__What is required__.
All of the data below should be set down again verbatim, without any images.

__Data__.
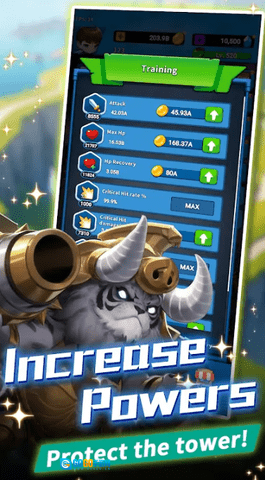 塔的升级与强化机制:玩家可通过完成各类任务、击败怪物等途径获取经验值与特殊材料,以此对塔进行升级操作。升级后的塔不仅攻击与防御能力会得到显著提升,还能解锁全新的功能模块与技能选项。比如,当塔升级至特定等级时,便能够释放覆盖范围更广的魔法攻击,或是为玩家提供额外的属性加成。此外,玩家也可利用特殊材料对塔进行强化,像嵌入魔法宝石这类方式,就能针对性地增强塔的某项特定能力。 英雄的养成与搭配策略:塔上配置的三名英雄各自拥有独特的技能体系与属性特点。玩家可以通过收集英雄碎片、完成英雄专属任务等方式,逐步提升英雄的等级并强化其各项能力。不同类型的英雄适配不同的战斗场景:例如近战英雄在怪物逼近时能发挥显著效果,远程魔法英雄则可对远距离的怪物造成高额伤害。玩家需要依据怪物的特性以及具体战斗需求,合理搭配英雄阵容参与战斗,从而制定出最优的战斗策略。
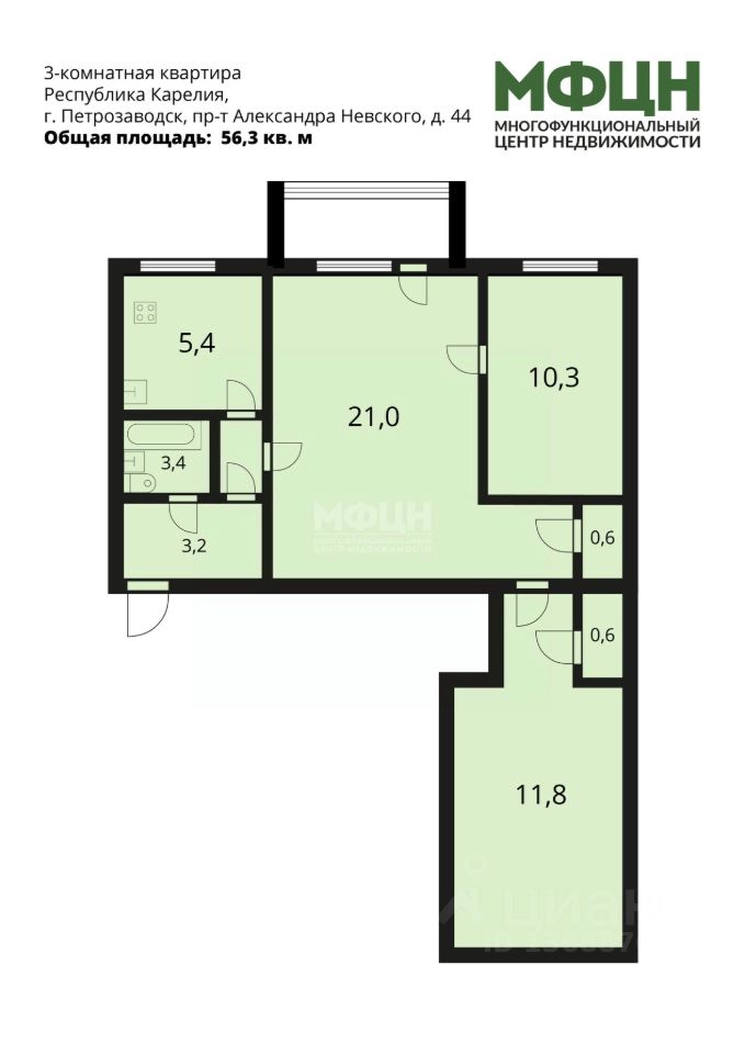 К покупке предлагается 3 - комнатная квартира, расположенная на 2-м этаже 5 - этажного дома, находящаяся по адресу: Петрозаводск, проспект Александра Невского, дом 44.
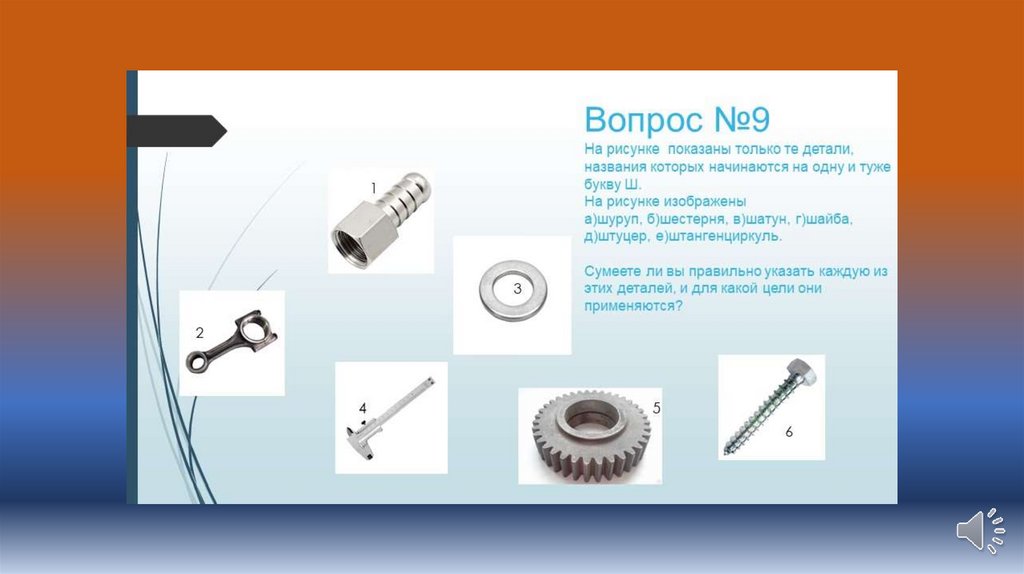 12 – й слайд – 1 штуцер,2 шатун, 3 шайба, 4 штангенциркуль, 5 шестерня, 6 шуруп
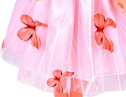 Elegantní růžové šaty s tylem a motýlími detaily dodávají panence okouzlující vzhled a inspirují k pohádkovým příběhům.
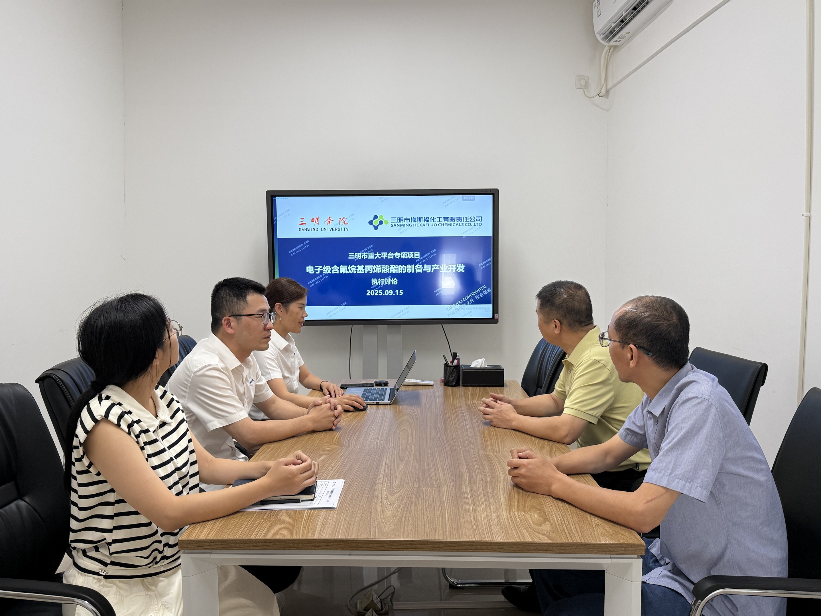 9月15日,资源与化工学院院长李奇勇教授、副院长董国文教授赴海斯福公司,就市级重大科技创新平台科研专项《电子级含氟烷基丙烯酸酯的制备与产业开发》项目开展研讨调研。

__Written response__.
 塔的升级与强化机制:玩家可通过完成各类任务、击败怪物等途径获取经验值与特殊材料,以此对塔进行升级操作。升级后的塔不仅攻击与防御能力会得到显著提升,还能解锁全新的功能模块与技能选项。比如,当塔升级至特定等级时,便能够释放覆盖范围更广的魔法攻击,或是为玩家提供额外的属性加成。此外,玩家也可利用特殊材料对塔进行强化,像嵌入魔法宝石这类方式,就能针对性地增强塔的某项特定能力。 英雄的养成与搭配策略:塔上配置的三名英雄各自拥有独特的技能体系与属性特点。玩家可以通过收集英雄碎片、完成英雄专属任务等方式,逐步提升英雄的等级并强化其各项能力。不同类型的英雄适配不同的战斗场景:例如近战英雄在怪物逼近时能发挥显著效果,远程魔法英雄则可对远距离的怪物造成高额伤害。玩家需要依据怪物的特性以及具体战斗需求,合理搭配英雄阵容参与战斗,从而制定出最优的战斗策略。
 К покупке предлагается 3 - комнатная квартира, расположенная на 2-м этаже 5 - этажного дома, находящаяся по адресу: Петрозаводск, проспект Александра Невского, дом 44.
 12 – й слайд – 1 штуцер,2 шатун, 3 шайба, 4 штангенциркуль, 5 шестерня, 6 шуруп
 Elegantní růžové šaty s tylem a motýlími detaily dodávají panence okouzlující vzhled a inspirují k pohádkovým příběhům.
 9月15日,资源与化工学院院长李奇勇教授、副院长董国文教授赴海斯福公司,就市级重大科技创新平台科研专项《电子级含氟烷基丙烯酸酯的制备与产业开发》项目开展研讨调研。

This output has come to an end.